Life hasn't slowed down since the race either. It was pretty hectic leading up to race day and I had a small expectation that things would calm down a bit since I no longer had to focus on my training and could fully divert my attention to the kid's cross country seasons. Well, let's just say I am naive and leave it at that.
Life also isn't giving us any breaks. I'll only allude to my wife's issues and say that PTSD is a bitch. Not knowing what is going on and having never really identified how she experienced flashbacks has made the last month hell with no answers. Now we have a better idea of what a flashback is like for her and she has specific skills and medical instruction in how to deal. It will be better. I hope.
I've said it before and I'll say it again. I've learned many of my emotional food triggers from habit to childhood memories to fear of scarcity. I've learned to identify them quickly, change my attitude, forgive and move on. But I've never conquered stress eating. And I can feel it coming on and I feel powerless. It's that old feeling of wondering just when the hell am I going to break and give in and chow down on the carbs I soooo crave. And more often than not, I do. That period of the evening starting at about 8 and lasting until I go to bed are the worst.
I've had a few successes. Every fiber in my body wants Ramen Noodle Surprise, a decadent college student dish that I practically lived on back in the day. Cooked noodles, drained, with a pad of butter and half of the flavor packet stirred in. My arteries just hardened writing that sentence. We've got them in the pantry. I want them. But every evening I have chosen to not have them. I'll have bread or cereal or granola bars instead to feed my unrelenting cravings. I know, instinctively, that to have that RNS will be the gateway into a full on binge. Snacking on these choices have kept me from doing so while at the same time relieving that panic of just when is it that I will fall from grace each evening.

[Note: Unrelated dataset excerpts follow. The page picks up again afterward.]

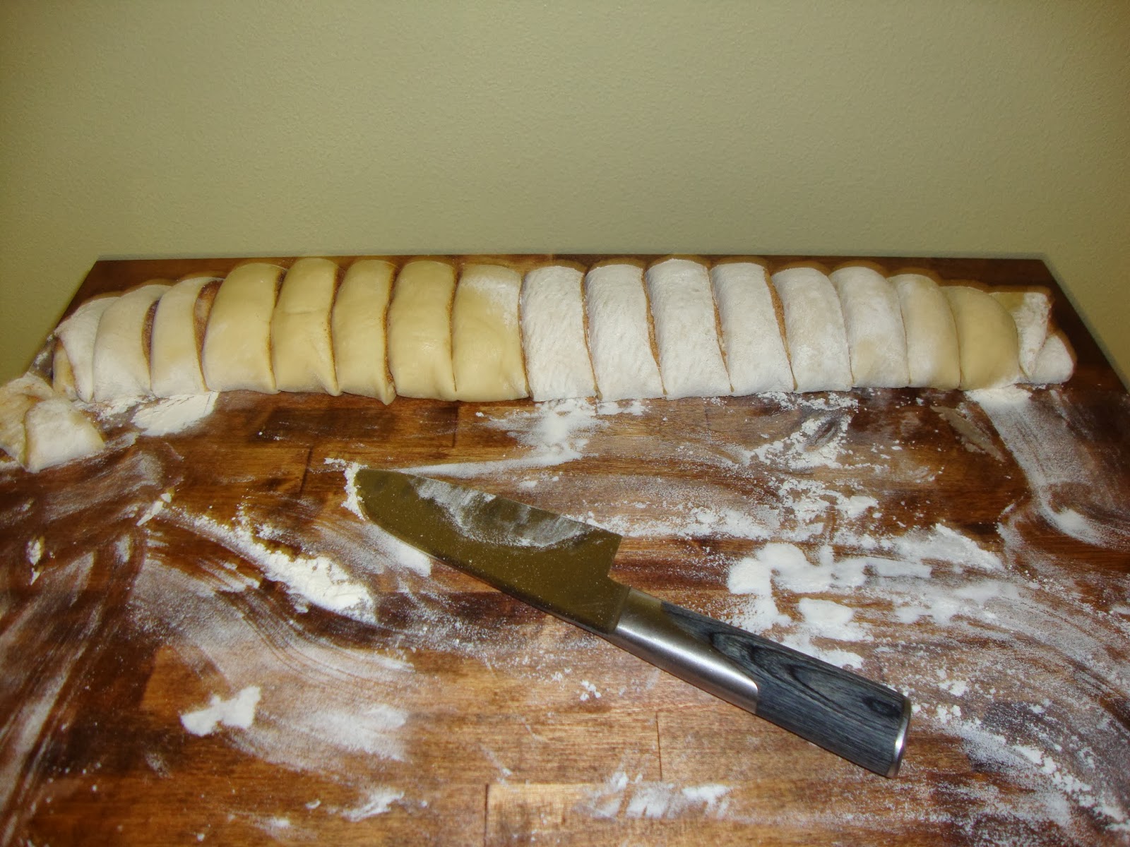 Roll the dough beginning at the 15 inch side and keep the log tight. Cut into 1 inch sections.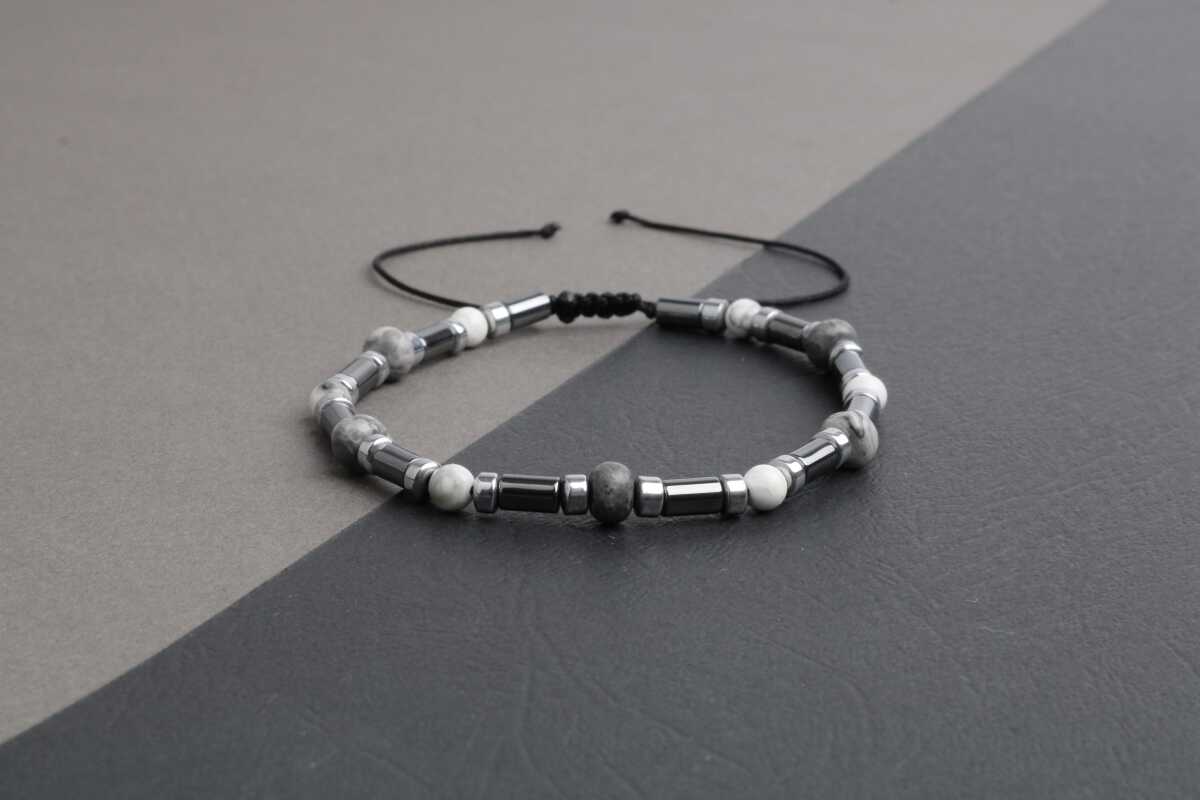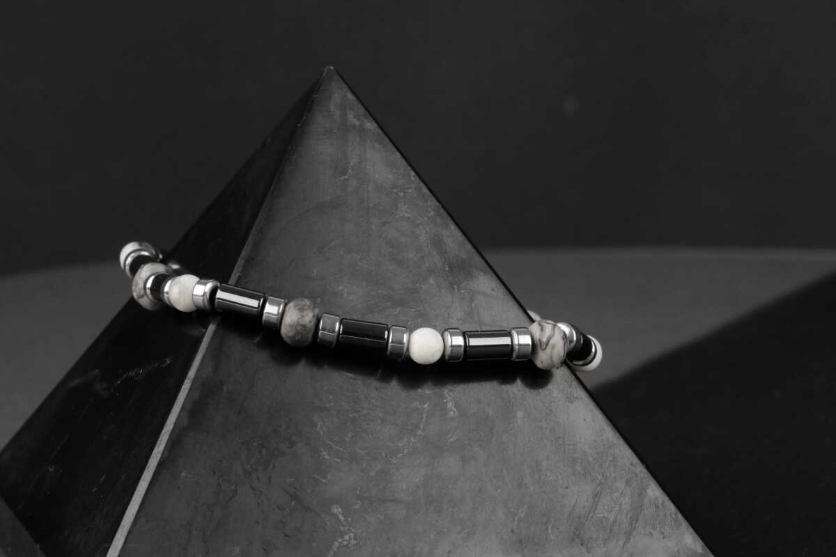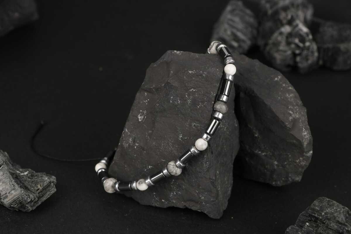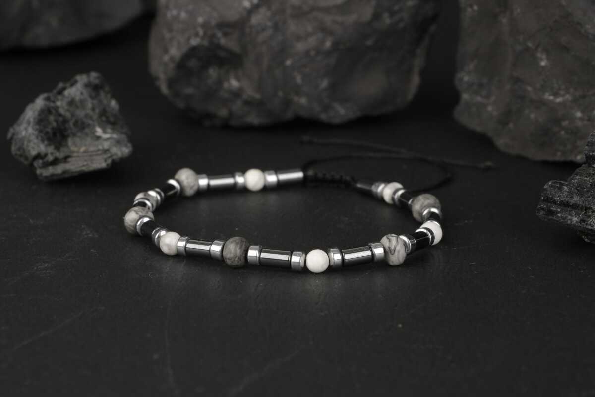Gri Jasper-Hematit-Havlit Doğal Taş Bileklik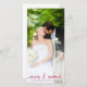 Envoyez des salutations élégantes de la nouvelle mariée Mr & Mrs avec ce carte photo 4x8. Contient une superposition de dégradé blanc, rendant le texte rouge vraiment "pop". Veuillez remplacer l'image modèle par une photo de votre choix avant d'acheter.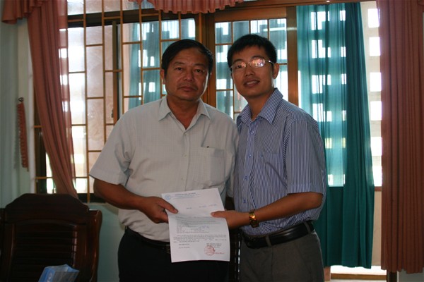 Ts. Nguyễn Văn Tân trao học bổng cho trường THPT Trần Quang Diệu (Thầy hiệu phó Nguyễn Dũng đại diện nhận)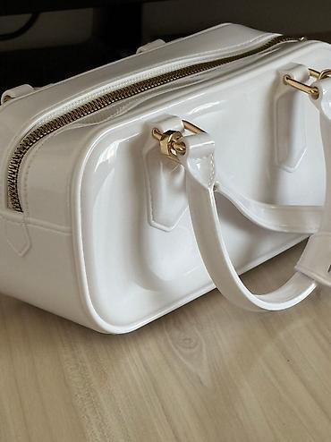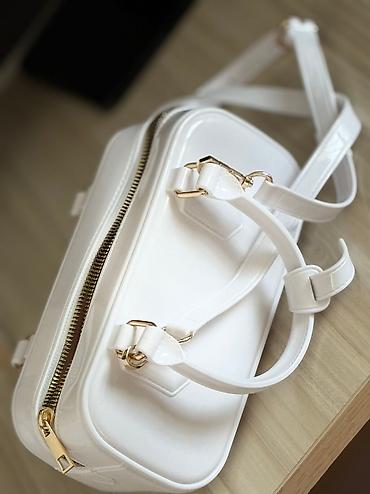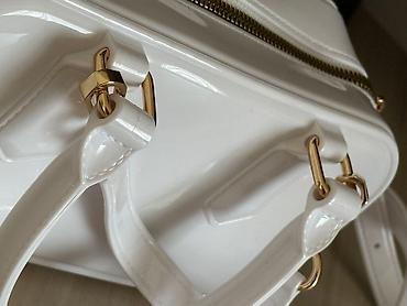 Белая лаковая сумочка с золотыми элементами — идеальный акцент в любом образе.

But it takes an enormous amount of energy to make that decision and keep making it all evening long.
I need to run. It is the only other activity besides eating I've discovered that does more that distract from stress, it relieves me of it. Spending my energy in doing something instead of not doing something is so much easier.
Which leaves me with this.
I know what I want. I know what I do not want to do. And yet I am completely locked up in this ball of life with outside obligations and inside demons that keep me from doing these things. And lest anyone say "you just gotta make the time" let me preempt that and say, I know. What I'm saying is I don't know how. Right here, right now, in my specific life situation of the present day, between injury and obligation, I don't know how.
So here is plan B. I will heal my muscles. I will not eat the Ramen Noodle Surprise. And that's the best I can do for today.
Tomorrow is another chance at plan A.
Everyday is new chance. Some days are better than others and no one else knows your circumstances or has the right to judge. Having lived with a spouse with PTSD for many years I'd like to give you hope that it does get better. Therapy, medication and the magic of time all help. Please believe that if nothing else. My thoughts are with you.
ReplyDeleteI feel for you. Be a good husband and father. Talk to God. Try to find something to make you smile or laugh. Exercise doesn't always fit into the schedule and that is really okay. Good luck with the food thing. I believe you will continue to make better choices.